Given data:
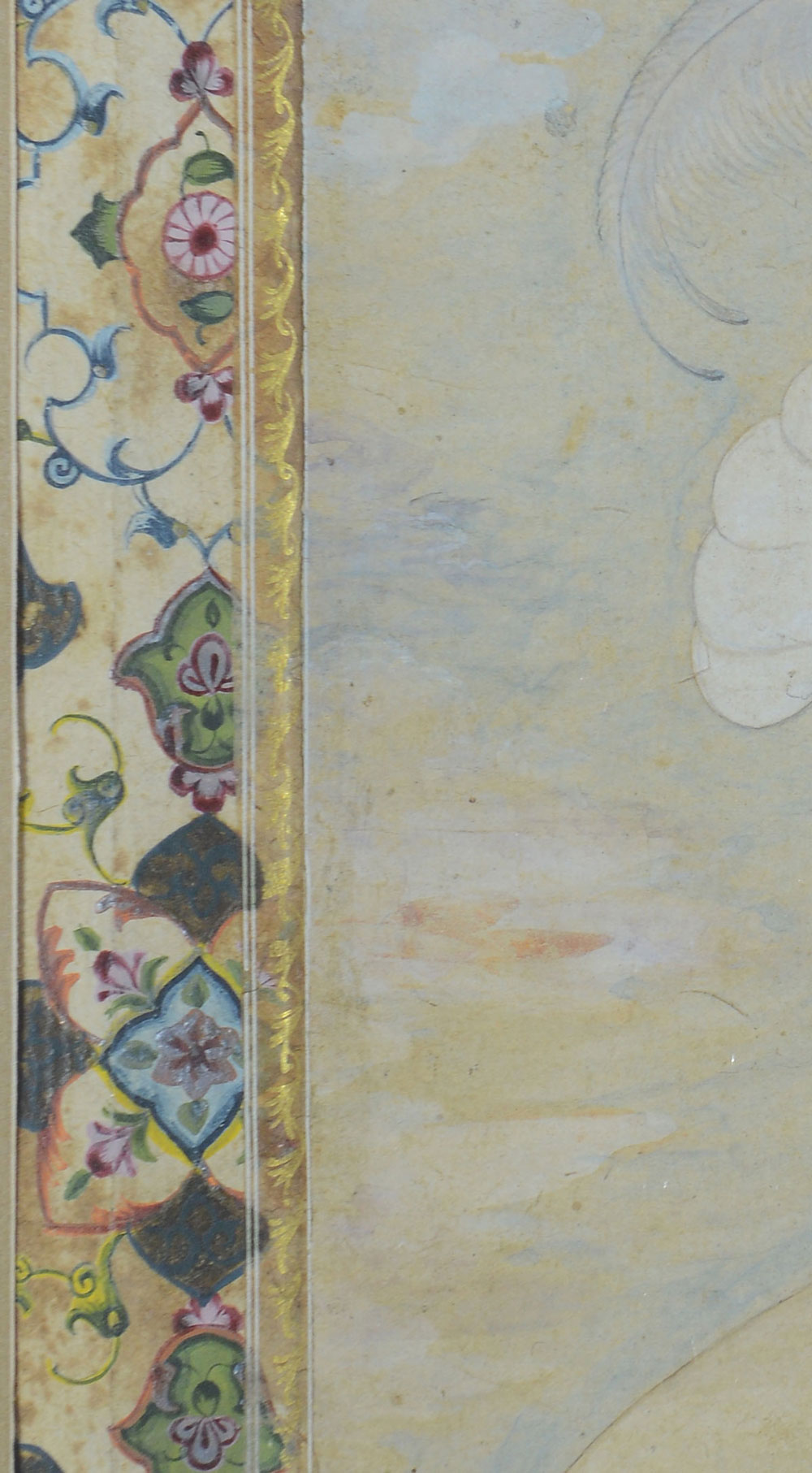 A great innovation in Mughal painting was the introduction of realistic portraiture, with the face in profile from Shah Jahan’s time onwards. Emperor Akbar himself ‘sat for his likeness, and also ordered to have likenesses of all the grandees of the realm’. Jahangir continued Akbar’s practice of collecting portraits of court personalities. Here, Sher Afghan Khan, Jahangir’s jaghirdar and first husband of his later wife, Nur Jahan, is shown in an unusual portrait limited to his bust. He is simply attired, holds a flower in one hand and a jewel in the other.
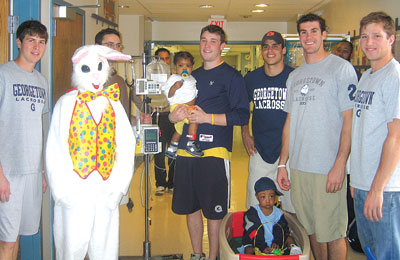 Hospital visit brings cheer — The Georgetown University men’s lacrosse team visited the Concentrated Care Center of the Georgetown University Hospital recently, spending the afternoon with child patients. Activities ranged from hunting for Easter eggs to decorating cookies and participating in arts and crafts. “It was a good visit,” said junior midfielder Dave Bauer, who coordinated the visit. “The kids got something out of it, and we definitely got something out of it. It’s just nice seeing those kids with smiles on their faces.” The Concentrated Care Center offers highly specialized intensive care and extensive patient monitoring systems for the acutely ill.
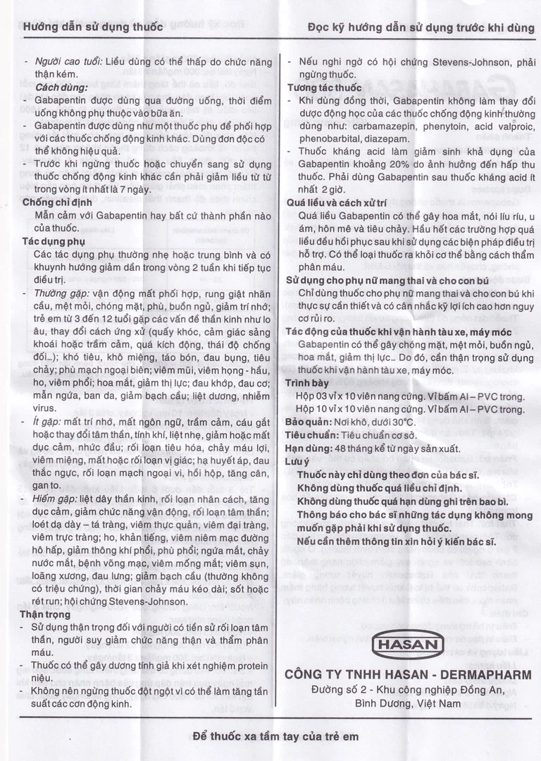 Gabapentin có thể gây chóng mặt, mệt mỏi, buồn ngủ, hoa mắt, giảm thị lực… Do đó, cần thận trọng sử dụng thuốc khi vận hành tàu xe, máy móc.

About this task: Repeat the listing in full and to the letter, excluding every image.

Solved problem:
 A great innovation in Mughal painting was the introduction of realistic portraiture, with the face in profile from Shah Jahan’s time onwards. Emperor Akbar himself ‘sat for his likeness, and also ordered to have likenesses of all the grandees of the realm’. Jahangir continued Akbar’s practice of collecting portraits of court personalities. Here, Sher Afghan Khan, Jahangir’s jaghirdar and first husband of his later wife, Nur Jahan, is shown in an unusual portrait limited to his bust. He is simply attired, holds a flower in one hand and a jewel in the other.
 Hospital visit brings cheer — The Georgetown University men’s lacrosse team visited the Concentrated Care Center of the Georgetown University Hospital recently, spending the afternoon with child patients. Activities ranged from hunting for Easter eggs to decorating cookies and participating in arts and crafts. “It was a good visit,” said junior midfielder Dave Bauer, who coordinated the visit. “The kids got something out of it, and we definitely got something out of it. It’s just nice seeing those kids with smiles on their faces.” The Concentrated Care Center offers highly specialized intensive care and extensive patient monitoring systems for the acutely ill.
 Gabapentin có thể gây chóng mặt, mệt mỏi, buồn ngủ, hoa mắt, giảm thị lực… Do đó, cần thận trọng sử dụng thuốc khi vận hành tàu xe, máy móc.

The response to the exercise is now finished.